It's not often that I'm truly impressed by a pundit on cable news, but it looks like I should start watching Rachel Maddow more. Even people with whom I generally agree and are often eloquent (read: Keith Olbermann) bloviate a bit too much for my taste, but there's something about the way Maddow eviscerates this guy without once raising her voice or yelling over her guest that's truly amazing to watch. Glenzilla says it best:


(1) Rachel had obviously done a substantial amount of work prior to the interview, having even read the guest's books and being able to refer to various parts of them quickly [...] .

(2) Rachel, despite being unfailingly civil and polite, was obviously indifferent to whether the guest liked her. She bombarded him with questions that made him extremely uncomfortable and which conclusively proved that he was simply lying. Media stars who host political interview programs would never subject powerful people to treatment like that for fear of losing access and/or their standing in the Beltway world.

(3) Rather than treat the guest and his claims as entitled to respect and deference, Rachel explicitly pointed out when he was lying, and even more important, demanded that he accept responsibility for his conduct [...] .

Greenwald, of course, has much, much more to say--his posts are, as often as not, tome-like. But, in many ways, Maddow is Greenwald with some of the wrinkles ironed out. While it's quite true that Maddow is "indifferent to whether the guest liked her," Greenwald tends to use language a bit more loaded than Maddow.

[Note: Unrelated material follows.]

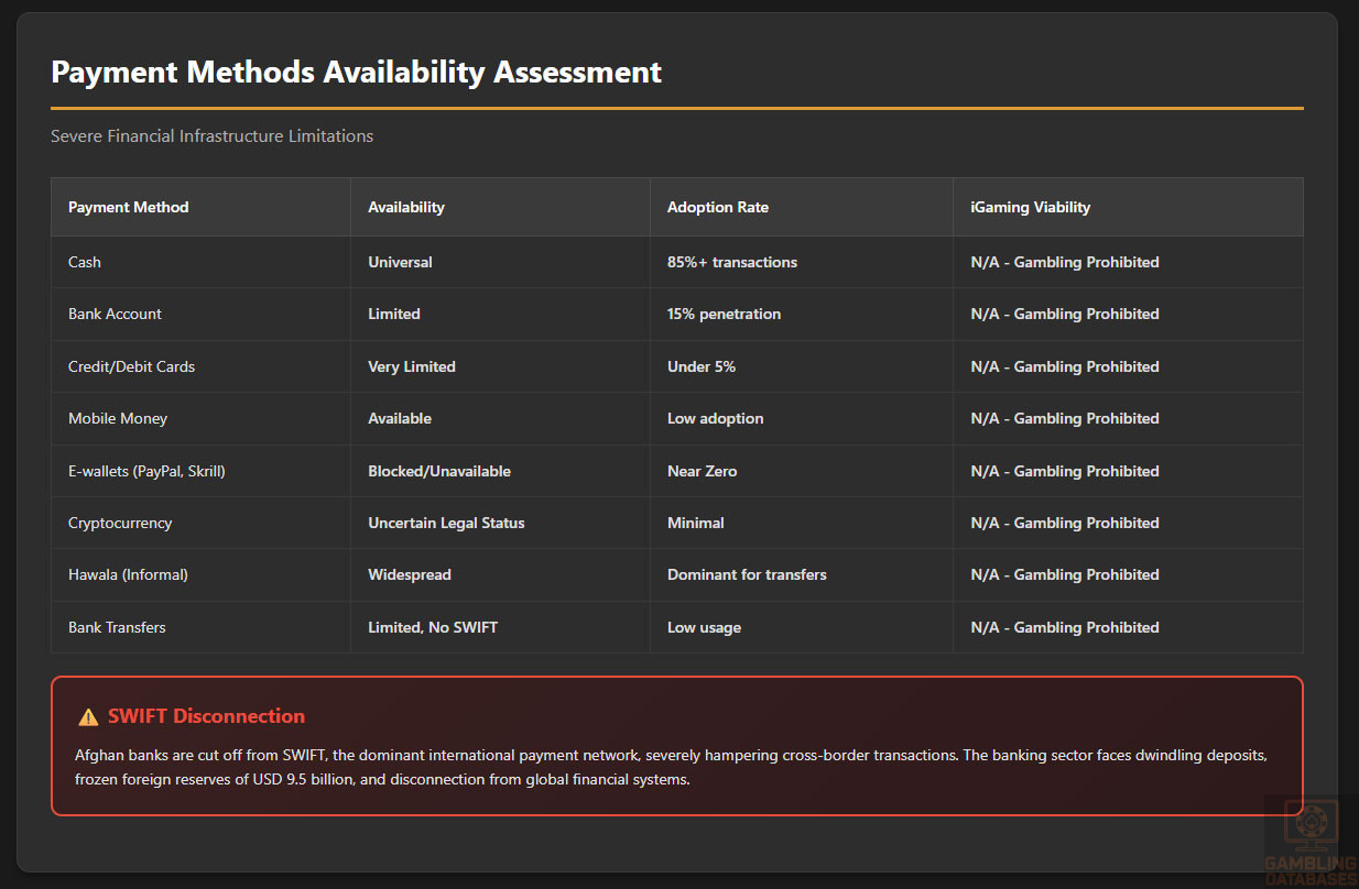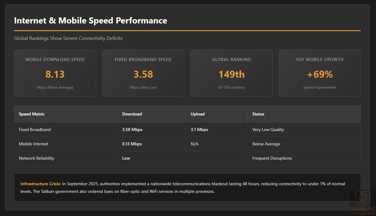 | Practical Accessibility | 30% | 0.0/3.0 | Severe restrictions with extensive barriers (0 points base). Payment methods: Cash dominates 85%+ of transactions, banking penetration only 15%, credit/debit cards under 5% penetration (-0.5), international e-wallets unavailable/blocked (-0.5), cryptocurrency unclear legal status (-0.5). ISP monitoring active with government announcing plans to block social media platforms including Facebook. September 2025: nationwide telecommunications shutdown reduced connectivity to under 1% for 48 hours. Internet penetration only 30.5%, median mobile speed 8.13 Mbps. Afghanistan controls .af domain – no gambling domains permitted. Result: 0.0/3.0 |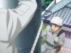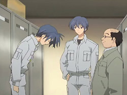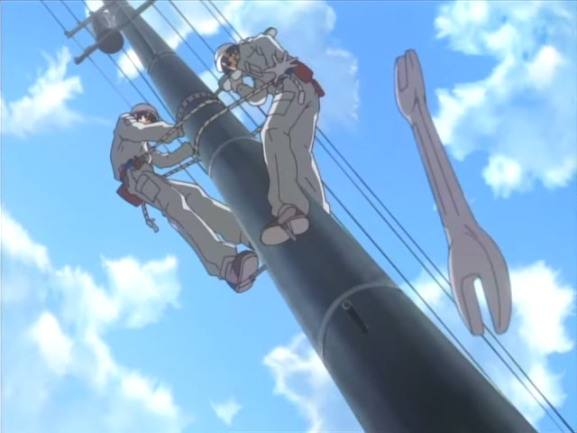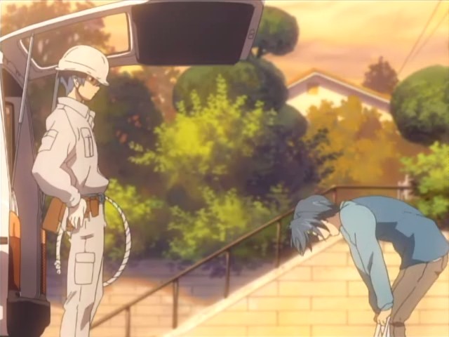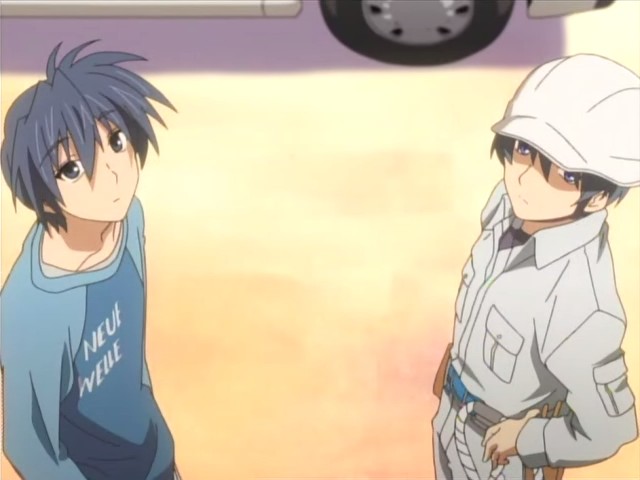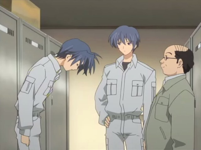Tomoya has a hard time falling asleep that night, and the next morning, he nearly gets up late. Thankfully Nagisa came to wake him up and cook him breakfast, and she wants to cook him dinner as well. His first day at the electric company Yuusuke works for starts off fairly well with a meeting with the boss. While they’re driving to their first job, Yuusuke notes that the atmosphere around Tomoya has changed and that he’s like a different person from when they first met. Yuusuke doesn’t acknowledge Tomoya as an adult yet, but he sees him instead as a child who’s struggling to become an adult. As for their job, Yuusuke is very serious about it and teaches Tomoya while he works. When Tomoya accidentally drops a wrench while high up a pole, Yuusuke yells at him because failure isn’t allowed. Yuusuke makes Tomoya realize that someone – such as a loved one – could have been under them and gotten hurt, so they have to be careful. The day’s work leaves Tomoya exhausted, and he collapses when he gets back home. As promised, Nagisa is there and has made dinner. While he eats, she tries to tell him about something good that happened in school today, but Tomoya is too tired to listen and falls asleep.

Can you imagine how much better those obnoxious "watch pundits yell at each other" shows would be if the pundits in question actually talked about the issues, you know, intelligibly (and, more importantly, intelligently).


As Greenwald says:


Just imagine how much better things could be if our political leaders were routinely subjected to the kind of surgically probing, lie-exposing interrogation which Rachel imposed on her homosexual-converter guest. But the reasons they almost never are speak volumes about our media stars and their true function.